If I backed up a little further, I decided that I had to do the walk because I paid for it. I signed up. Why did I sign up? I needed something to look forward to. I have felt so deprived since I have lived in Idaho. I feel like my life is a shell of what it used to be. I felt like I needed a sense of purpose. I needed a goal that was more fulfilling than the daily humdrummery. I needed to participate in life more because I spent at least three weekends in a row laying in bed lamenting my life. 




I have been lamenting my life because this life is not what I envisioned when I walked my way into a new life almost four years ago. I had all of these hopes and dreams. That I was going to finally get to live the life I dreamed of. I don't feel like I have that. I feel like I am being told to settle for less. As if I am being told, "Jeanette, this is all you get. Go sit in the corner, don't complain, and be happy about it." Fortunately or unfortunately, resigning to less than what I feel I deserve has never been my thing. I do complain, because I have the right to. Even if people think I'm being negative. I get so tired of that word - "negative." 

I was upset, and I had a reason to be. I don't currently have a car, and I make barely enough in my day job to make ends meet. I take the bus to and from work. I'm fortunate because the city where I live has a shuttle that takes me to the bus stop in the morning, but there isn't one in the evening because I work later than the shuttle operates. Sometimes, I get a ride. When I am low on cash and I can't get a ride, I walk home from the bus stop. It's about 5 miles from the bus stop to my house. I will tell you that I was super unhappy about having to walk home from the bus. I was really upset about it. One night it took me almost three hours to get home but I was trudging along. I was feeling really down on myself, asking myself where I had gone so wrong in life that I was walking home five miles a night at 52. What was wrong with me?

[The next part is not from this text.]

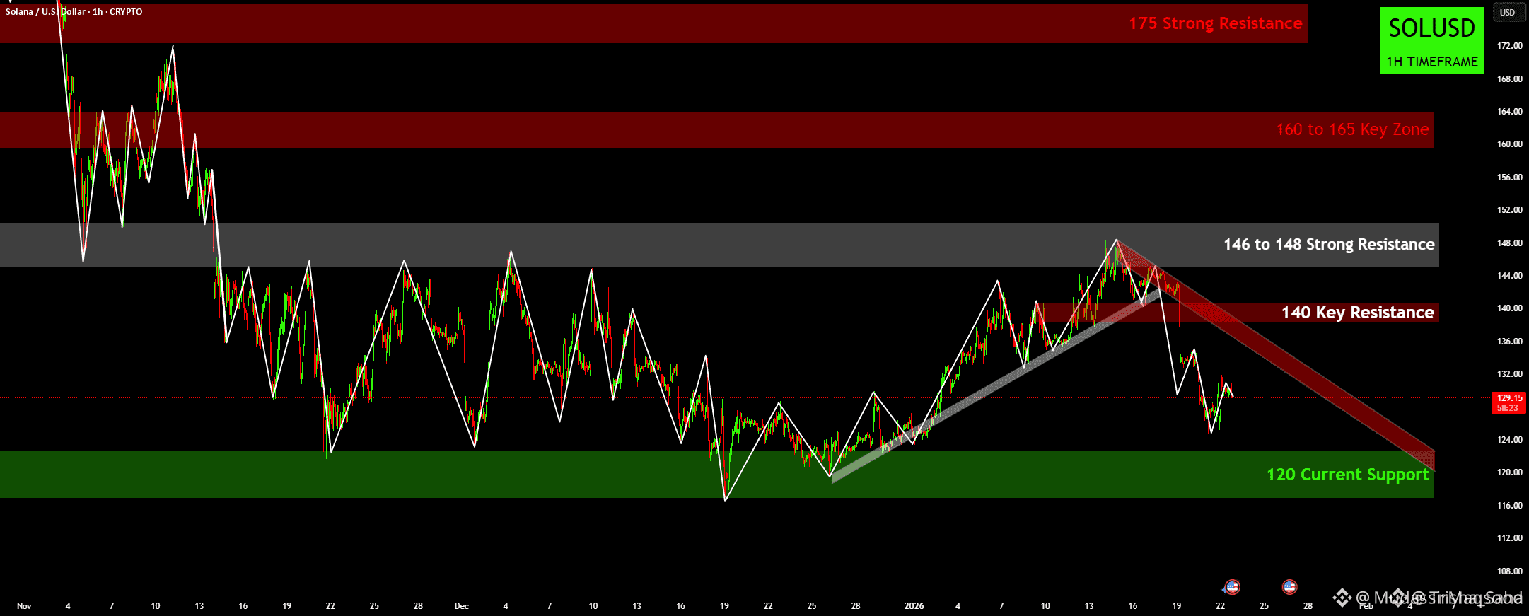 Primary support is established at the $120 level, which serves as a major structural floor to pre-vent further downside toward the $110 region.

I was complaining about it to a friend (maybe he's not a friend and secretly doesn't like me), but I was complaining about the walking. It was exhausting walking home from the bus. I was tired. I had worked all day at a low-level job that is an exercise in humility and humiliation for me to do every day. Then, I walk home at night. Five miles. The first part of the walk is a nature walk that I love. The last mile is mostly streets and sidewalks, and it isn't as enjoyable. That's the "I'm really tired" part. That's the part where the blisters on my feet started bleeding, and what kept me going was seeing my home in the distance.

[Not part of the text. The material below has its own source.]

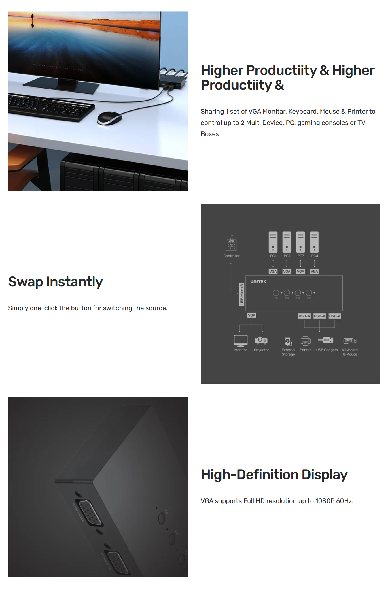 UNITEK U-8709ABK VGA KVM Switch 2-IN-1 ของแท้ ประกันศูนย์ 2ปี
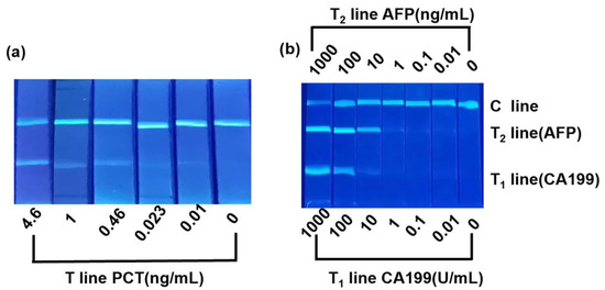 (a) Picture of the DMSNs-BCDs-LFIA detecting different concentrations of PCT solutions; (b) DMSNs-BCDs-LFIA two-component detection photographs of CA199 and AFP.

One night, I got a ride home. I decided I wanted to get my 10,000 steps in for the day, and I was happily putting on my sneakers to go for my walk. Same walk. Different direction. Different attitude. Different attitude! Better attitude! At that moment, I took a look at my perspective about walking. I was mad because I was walking home. But, I had walked that walk so many times before. It was my "fun and enjoyable" activity for so many weekends and summer days. Why couldn't walking home be my fun and enjoyable activity in the evenings after work? Maybe I could reframe how I was thinking about walking. That it really was something I wanted to do, instead of a task I had to check off at the end of my day.

I started clocking myself on the way home. I challenged myself with my walking time. I decided I was going to use this as training time. The next day, I signed up for the first 5K I have done in two years. I only sort of trained for two weeks, which is another reason my time was lower than usual. The 5K changed my mindset about walking. I'm encouraged and excited for the next race, and walking is now part of goal setting for me and is back to being a fun and enjoyable activity.